Department of Cancer Biology

William A. Maltese, Ph.D.

Maltese William A. Maltese, Ph.D.
Professor Emeritus
William.Maltese@utoledo.edu

RESEARCH INTERESTS :
Prior to his retirement, Dr. Maltese's research was funded by the NIH for 34 years. His early work established connections between cholesterol metabolism and tumor development and contributed to the discovery of a novel posttranslational modification termed "isoprenylation", wherein isoprenoid intermediates derived from the cholesterol pathway provide membrane anchors for numerous proteins, including members of the Ras, Rac and Rab GTPase families.
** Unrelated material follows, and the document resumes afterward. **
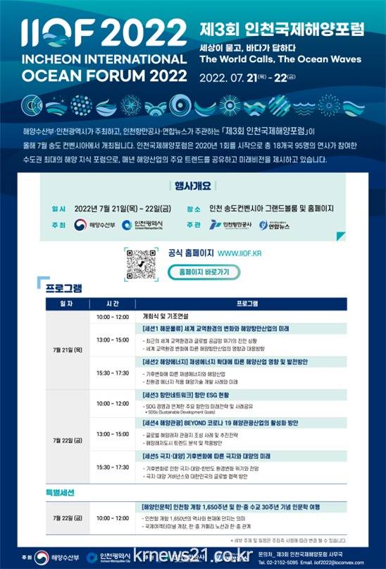 인천광역시(시장 유정복)는 해양수산부, 인천항만공사, 연합뉴스와 공동으로 개최하는 ‘제3회 인천국제해양포럼(Incheon International Ocean Forum 2022)’ 개막식을 개최했다고 밝혔다. 포럼은 7월 21(목)부터 7월 22일(금)까지 양일간 송도컨벤시아에서 개최된다.

Subsequent studies focused on the roles of Rab GTPases in intracellular vesicular trafficking, and utilized dominant-negative Rab mutants to dissect trafficking pathways that contribute to the post-translational proteolytic processing of the Alzheimer's beta-amyloid precursor protein. Dr. Maltese's interest in endocytic trafficking pathways ultimately led his group to study the interface between these pathways and the intracellular "self-eating" process of autophagy, which plays an important role in the survival of glioblastoma cells. An offshoot of his work finally led to the discovery of a new mechanism of cell death that was named 'methusosis' by the Maltese lab. In methuosis, dysregulated vesicle trafficking pathways for micropinocytosis and endocytosis causes catastrophic accumulation of fluid-filled vacuoles and loss of cellular integrity via a mechanism that is distinct from classical programmed cell death (apoptosis). It is now recognized that cancer cells may be particularly vulnerable to this form of cell death. Based on these observations, the Maltese lab launched a collaborative effort with Dr. Erhardt and others in UT's Center for Drug Design and Development to identify new chemical compounds that can trigger methuosis in brain cancers and other types of tumors. These efforts recently led to the development of several patented lead compounds that showed promise in penetrating the blood-brain barrier and slowing the growth of glioblastoma in preclinical models.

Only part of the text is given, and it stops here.